You might know GoodBoy Morgan from her So Gay blog, or the underground queer rave, Milk Milk, that she co-founded. She’s been active in Los Angeles’ gay scene as an event producer, DJ, artist and just about everything else for years now.

The first [Milk Milk] brought in 350 people,” she says. “Because of my artist background, every event was packed with crazy themes. In that time, I was known not just as a DJ but also as an event producer. Because of my vlog, I got picked up by the biggest girl party in the world, which is Dinah Shore. They invited me to DJ. From my first time there, I started playing at Prides all over the world. It’s just continued on since then.”

Morgan describes her sound and style as “hard house — anything but top 40,” which makes sense. That genre is conducive to her overwhelming air of positivity. Even the current lockdown can’t bring her down.

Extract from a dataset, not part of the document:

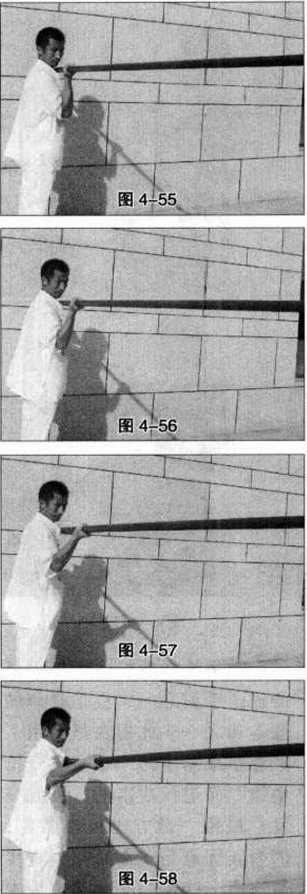 在呼气的同时两手适当用力将棍向前刺出(图4-56)

I’ve been livestreaming and supporting livestreaming,” she says. “I love it. I’ve produced different scenes, different themes — I had a jungle theme and a cat theme. I also do projections so I match the visuals. I did a disco one. My girlfriend helps me with all of my streams. She films them, and we both dress up and get into it. It’s fun too because we get tips — I wasn’t expecting that to be a thing. I do a weekly one with one of the only lesbian bars left in the United States — Jolene’s in San Francisco, so that’s a big part of supporting them and keeping them on the map.”

Like everyone else, GoodBoy Morgan will be celebrating Pride at home, but she’s worked with Pride before and boxes of stuff which she intends to put to good use.

I’ve got a 16 foot tall Pride inflatable arch,” she says. “I’ve got storage units full of ridiculous Pride things. I want to set up some really cool, light hearted scenes. I’ve been sending out GoodBoy party boxes to some of my close friends. I want to do that again to give them an experience in their home.”

Morgan is teaming up with Artificial People for a virtual Pride experience as she continue to work with the necessary restrictions current in place. And when lockdown is lifted, she’ll just keep spreading positive vibes.

I want to write down what I really want to do for myself and the whole community, and then work off of there,” she says. “That’s where I’m at now. Building up these organizations that crumbled. People in the bar community — we only have 16 lesbian bars in the United States. Those bars helped me grow as well.”